To be totally effective against both galactic cosmic rays and higher energy waves, any known shielding would weigh hundreds of metric tons. Even that shielding can cause reflective “bounce back” or secondary radiation exposure. The radiation in outer space is intense, especially during solar proton events when the sun emits a solar flare or coronal mass ejections.
Irradiating 18 squirrel monkeys to test their cognitive responses suggests that NASA knows it won’t be able to adequately shield astronauts living on the moon and traveling to and from Mars. If the monkeys perform effectively even after being dosed with a massive shot of gamma radiation, the argument could be made that humans could do the same.
‘Pretty much on target’
In the study, the monkeys will be shot up with a single substantial dose of gamma radiation, which NASA’s project leader, Dr. Jack Bergman of Harvard Medical School’s McLean Hospital near Boston, insists would simulate what a human would receive over the 130 to 260 days it would take to travel to and explore the Red Planet.
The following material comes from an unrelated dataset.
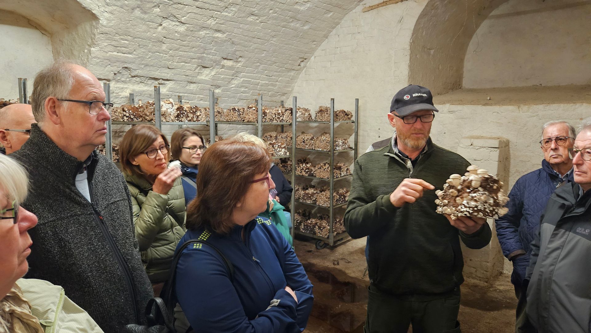 Produktionshallen für weiße und braune Champignons bekam man auch die alten Gewölbekeller aus dem 18. Jahrhundert zu sehen. Dort bringt Franz Ulrich Spezialitäten wie Shiitake, Kräuterseitlinge oder den Igelstachelbart zum Wachsen. Und obwohl die Pilzzucht Ulrich nur eine ganz kleine Pilzzucht in Deutschland ist (mit 5 Tonnen Champignons pro Woche, die hauptsächlich am Großmarkt in München ihre Abnehmer finden), war die Führung eine ganz große Sache. So mancher nutzte am Ende dann auch die Möglichkeit zum Einkauf frischer Pilze.

“We realized there was a need for this kind of work,” Bergman told Discovery News reporter Irene Klotz for an Oct. 29 article titled “NASA To Start Irradiating Monkeys — Spider monkeys will be exposed to regular, low dose radiation as NASA investigates the effects of long term space travel.”
“There’s a long-standing commitment on the part of NASA to deep space travel and with that commitment comes a need for knowing what kinds of adverse effects deep space travel might have, what are the risks to astronauts,” Bergman continued. “That’s not been well-assessed.”
Along with confusing spider and squirrel monkeys, the subheadline of the article is inaccurate in two significant ways: the monkeys won’t be exposed to “regular” radiation, but rather one massive gamma radiation injection, and the radiation is not “low dose,” as the dose is supposed to simulate months worth of “HVE,” or high energy particles of high atomic number, that people exploring the moon or traveling to Mars would experience zipping through them.
Bergman’s statement that the risks to astronauts have “not been well-assessed” is also suspect. The risks have been assessed and they are significant. President Bush stated this when he announced the initiative.
Another article for Discovery News penned five months earlier by the same reporter, titled “Space Torso Reveals Cancer Risk for Astronauts,” says, “‘The information collected so far confirms that NASA’s current guidelines for assessing radiation risks are pretty much on target,’ said Francis Cucinotta, a doctor and researcher who heads radiation studies at the Johnson Space Center in Houston.”
So if the risk assessments are “pretty much on target,” why would NASA spend $1.75 million on Bergman’s experiments to nuke 18 squirrel monkeys? The answer may lie in a passage later in the article: Cucinotta figures the agency has about five years to come up with some solutions to the radiation problem or find evidence that refutes current assessments of the risks (our emphasis). More shielding on moon and Mars ships probably isn’t the answer, Cucinotta told Discovery News. The additional weight would make the spacecraft too heavy to launch with today’s technologies.
That evidence could be obtained by showing that the monkeys essentially shake off the radiation and continue to perform tasks effectively, since shielding and gene-repairing pharmaceuticals seem out of the question.
“We’d all be cured of cancer on Earth if we knew how to do this,” Cucinotta told Discovery News of the use of drugs to diminish radiation damage. No pill can stop deadly radiation from destroying human and monkey cells.